Dans son esprit, tout est lié : la chute de Kadhafi, la prolifération des armes et la montée en puissance des jihadistes dans le Sinaï, "notre Nord-Mali", au Moyen-Orient et au Sahel. Plus que tout autre leader arabe, Sissi est résolu à ne pas laisser la Libye tomber dans l’escarcelle islamiste. Quitte à s’arroger le rôle de gendarme régional.

C’est un différend d’une tout autre nature qui oppose Le Caire à son voisin éthiopien : la répartition des eaux du Nil. C’est d’ailleurs par la reprise des négociations avec Addis-Abeba sur le sensible dossier du barrage de la Renaissance que l’Égypte a amorcé son retour sur la scène africaine. À en croire le chef de la diplomatie, Sameh Choukri, l’Afrique, délaissée par Moubarak et méprisée par Morsi, constitue une priorité.

Et c’est à Malabo, lors du 23e sommet de l’Union africaine, que l’Égypte a réintégré, le 26 juin, l’organisation panafricaine. Sissi a pu à cette occasion exposer devant ses pairs sa doctrine sécuritaire, insistant sur la menace que représentent les groupes jihadistes du Sahel. Contrairement à Morsi, il soutient l’opération Serval, muée en Barkhane. Et propose un renforcement de la participation égyptienne aux opérations onusiennes de stabilité au Mali et en Centrafrique – respectivement 60 policiers et 1 200 soldats.

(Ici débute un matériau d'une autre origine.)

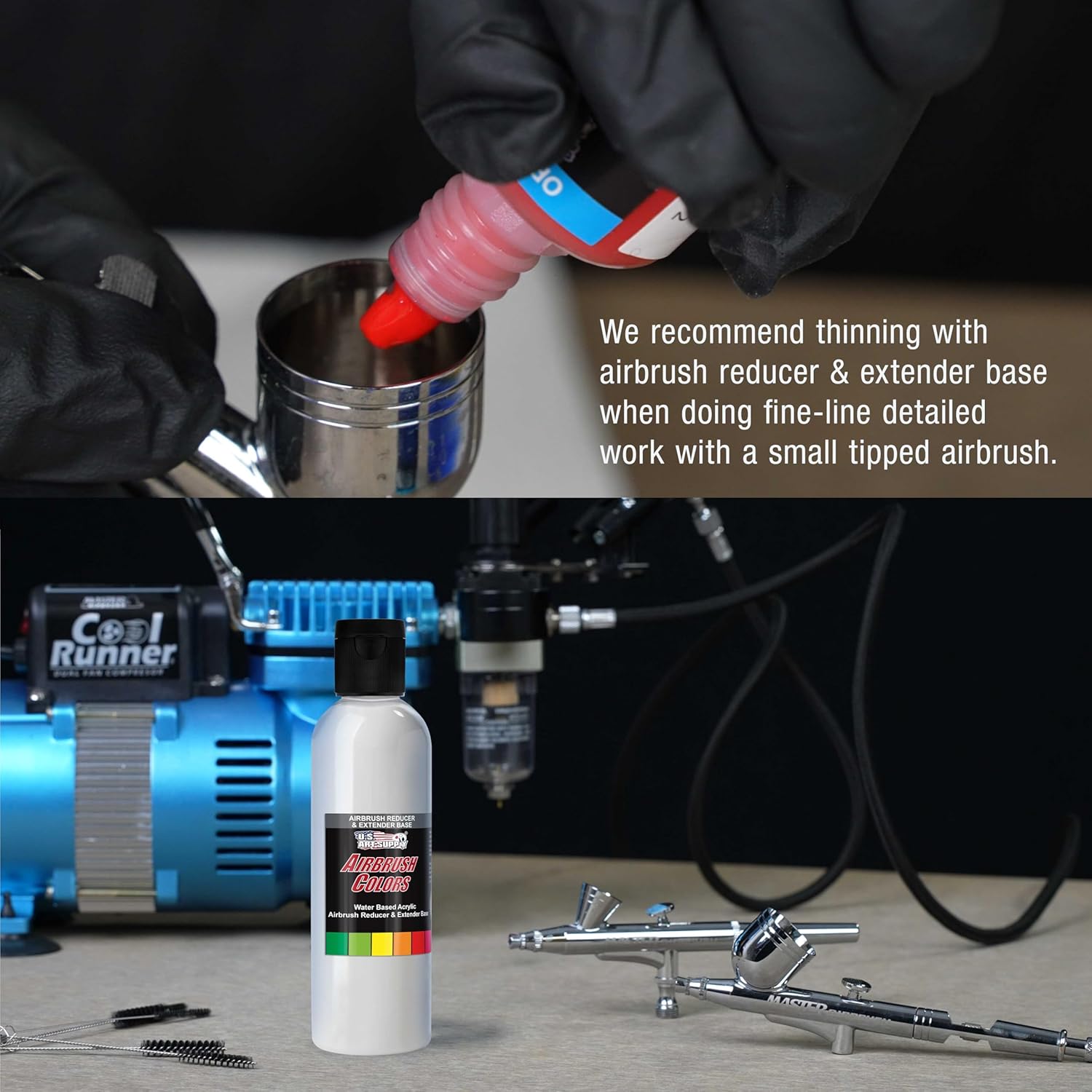 - Formulated for Acrylics: A 4-ounce pint bottle of water-based acrylic airbrush paint thinning reducer and extender base. This solution is designed to make colors thinner, increase transparency, and improve color flow for detailed airbrush work.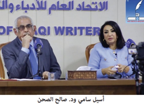 د. صالح الصحن أدار جلسة الاحتفاء التي احتضنتها قاعة الجواهري في مقر الاتحاد، وافتتحها بتقديم سيرة المحتفى بها، لتتحدث هي بدورها عن مسيرتها في فضائي الكتابة والإعلام وأبرز إنجازاتها في هذين المجالين، فضلا عن تجربتها الإعلامية في العراق وقطر، مبينة انها تطمح إلى تحقيق المزيد، وانها في حالة تعلم دائم.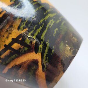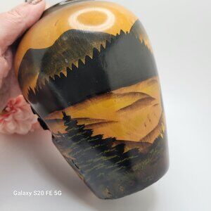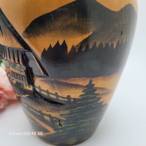 Vintage 1970s Handarbeit German Black Forest Hand Carved Painted Wood Vase 7 In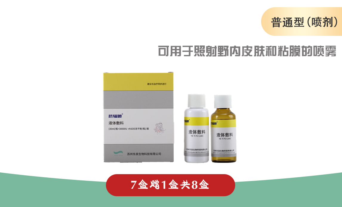 放射治療期間,照射野內(nèi)皮膚和粘膜防護(hù)、修復(fù),可使用抗輻噴(普通型)噴劑: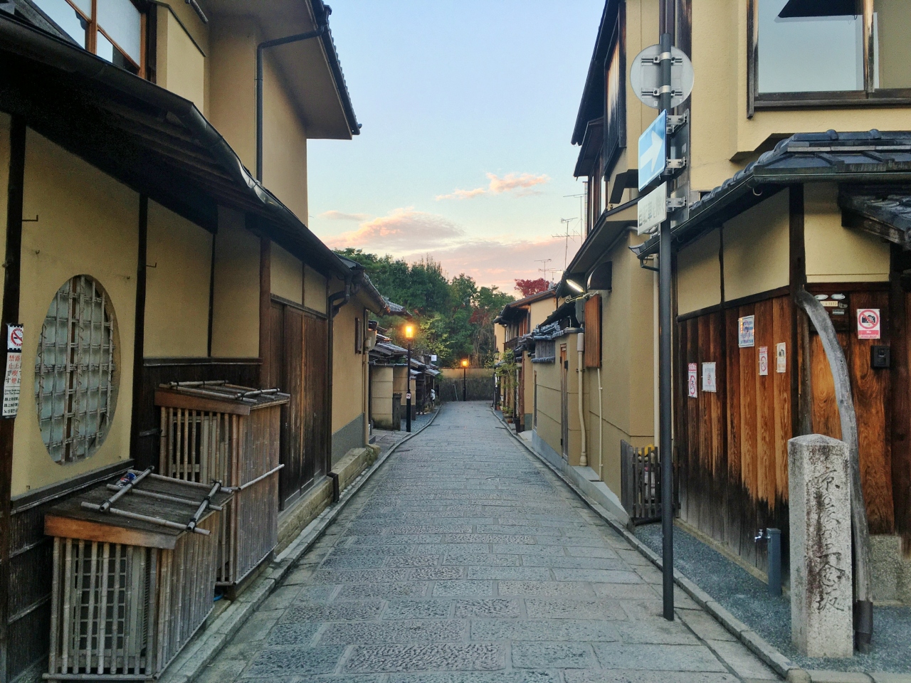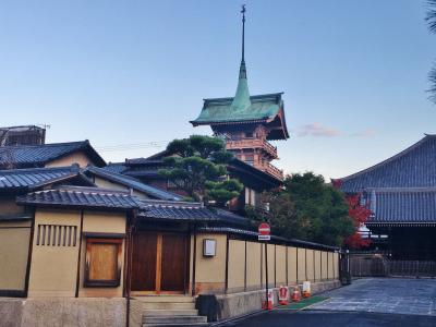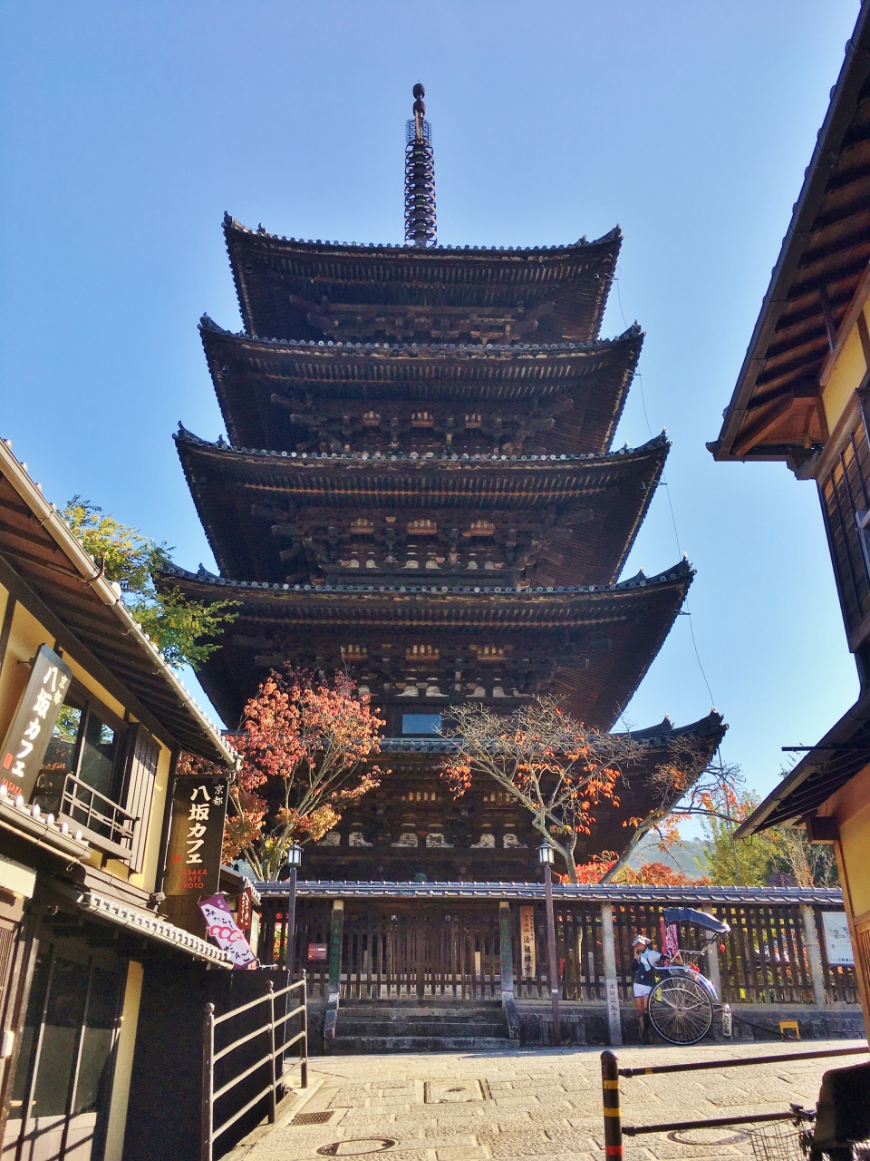 清水寺方面から祇園へ向かう途中に通りました。立派な五重塔である八坂の塔は、一般拝観はありませんが京都の顔として広く知られています。周辺には、京都の町家や人力車とこれぞ京都という風景が広がっていて、記念写真スポットとして有名で観光客だけでなく撮影でも多く使われています。少し距離を置いた方が周囲の町の風景も入り、全体が綺麗に写ります。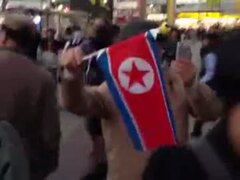 中韓朝の国旗で熱烈な応援を受ける枝野経産大臣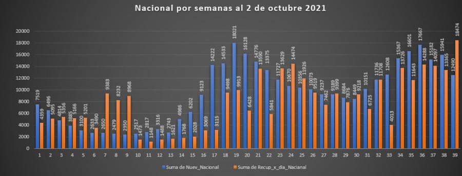 Para esta semana, nos encontramos que los casos nuevos por día a nivel nacional son 1784 en promedio y la semana anterior de 2277, mostrando nuevamente una disminución de 493 casos, y un promedio de recuperados de aproximadamente 2639 diarios, con un aumento en este último renglón.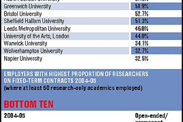 The universities of Teesside and London South Bank and the London School of Economics are bottom of the UCU table, with 100 per cent of research staff on fixed-term contracts in 2004-05.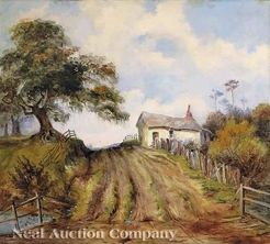 An oil on canvas painting by George Frederick Castleden (American/New Orleans, 1861 to 1945). Landscape, A Highway of the Past, signed G... [more detail available via subscription]
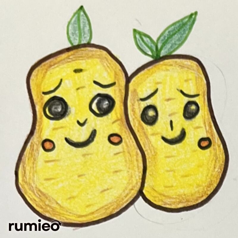 - Draw green leaves on the top of the potato. Outline with green sketch and fill it with light green color.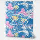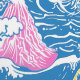 Ein nahtloses, von Hand gezeichnet Muster mit rosa Vulkanen inmitten eines rauen blauen Ozeans, umgeben von weißen Wellen und Palmen. Das Design verbindet dynamische Naturelemente mit einer skurrilen, künstlerischen Touch und schafft so einen einzigartigen und lebendigen visuellen Effekt.

"Sans un État fort, l’Égypte pourrait devenir la Somalie ou la Libye", prévient Sissi. Cerné par des crises plus graves les unes que les autres, alimentées par la montée de l’extrémisme religieux, ce musulman pieux entend incarner un État fort et stable pour venir à bout du péril jihadiste. Mais l’autre grand défi, économique celui-là, ne se remportera pas à la pointe du cimeterre.